Thanks for your thoughts and kind response. You mention culture, or actually the lack of it today. heh... only time will tell, however, I'm sure there's something good going on somewhere out there? - Yeah, how about some of our own great and powerful cultural icons - Michael Jackson, Brittney, other tone-deaf singers in general, gangstas, buffoons, etc ... big smelly mounds of poop and pleez, ... spare me wid dat munchkin-brained cosmic debris!

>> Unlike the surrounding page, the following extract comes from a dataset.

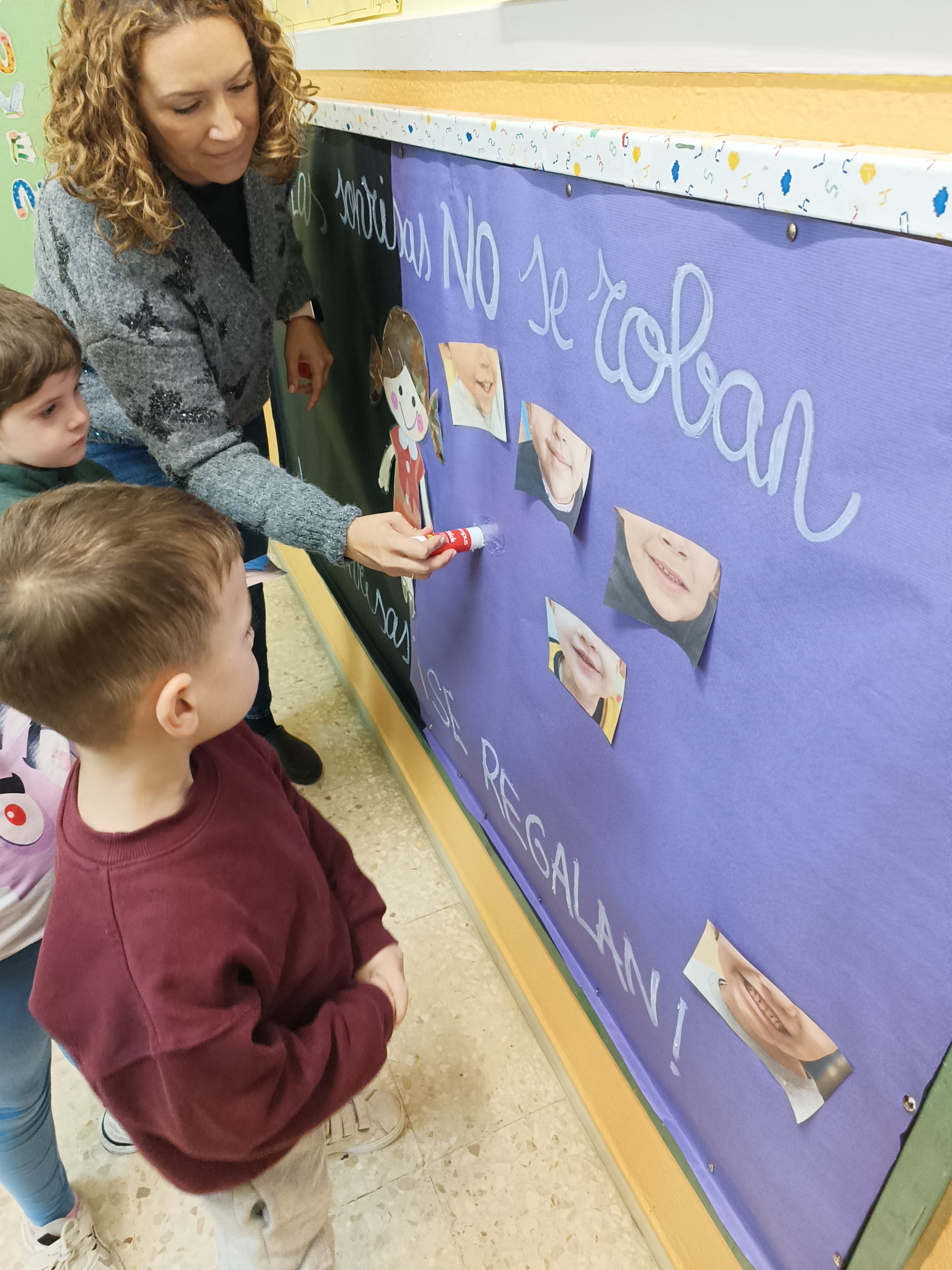 Hoy hemos celebrado el Día Internacional de la Eliminación de la Violencia contra la Mujer contando el cuento de «Pepuka y el monstruo que se llevó sus sonrisa». Después hemos plasmado nuestra sonrisa en el mural de «Las sonrisas no se roban, las sonrisas se regalan» Ha sido un día muy emotivo y divertido.

It seems these days we're all pretty much fully occupied with our own unique and sometimes drastically normal work-a-day rat-races, or wheels-of-mis-fortune, or whatever the individual case may be? Work, get up, go to work again, on and on over and over, ad nauseum, ad infinitum ... well, for better or worse I've chosen this hobby and have stuck with it longer than many a passing fancy over the fleeting years. Hopefully I'd like to be able to pass on some of my small inspirations and personal triumphs to any who share the same kindred interests, but then again, maybe not? Leastwise, I'm willing to give 'er a go ...

For those who become really 'entranced/entrenced' in our hobby, we normally find most of the very sucessful boys keenly knowledgeable not only in their specific fields of interest, but also in many aspects of world history in general and European history, specifically. The more you know about how many different events in time interlock and actually influence one another, the greater your appreciation will be for some of the very things that we persue and collect. Seemingly insignificant details may add just the right icing on the cake, it's exactly why you'll see grown men get really jazzed about a simple number or code stamped into a seemingly common medal or dagger of some sort... it's all in the details, as one of our forum member's tag goes. Those are excellent words to live by if you're any kind of collector worth your salt.

I'd say learning about the culture of the people who's stuff we collect is imperative, that is, if we actually want to become even semi-serious about it, no? Yes, in that context it can be a most helpful and a valuable tool in our personal kitbag of collecting-tips. Knowing the mindset, terminology and general mood of the times may help you to make an important and costly decision someday in the future, maybe precisely when you're buying that ultra-rare presentation piece you've wanted and saved for all your life ... hmm?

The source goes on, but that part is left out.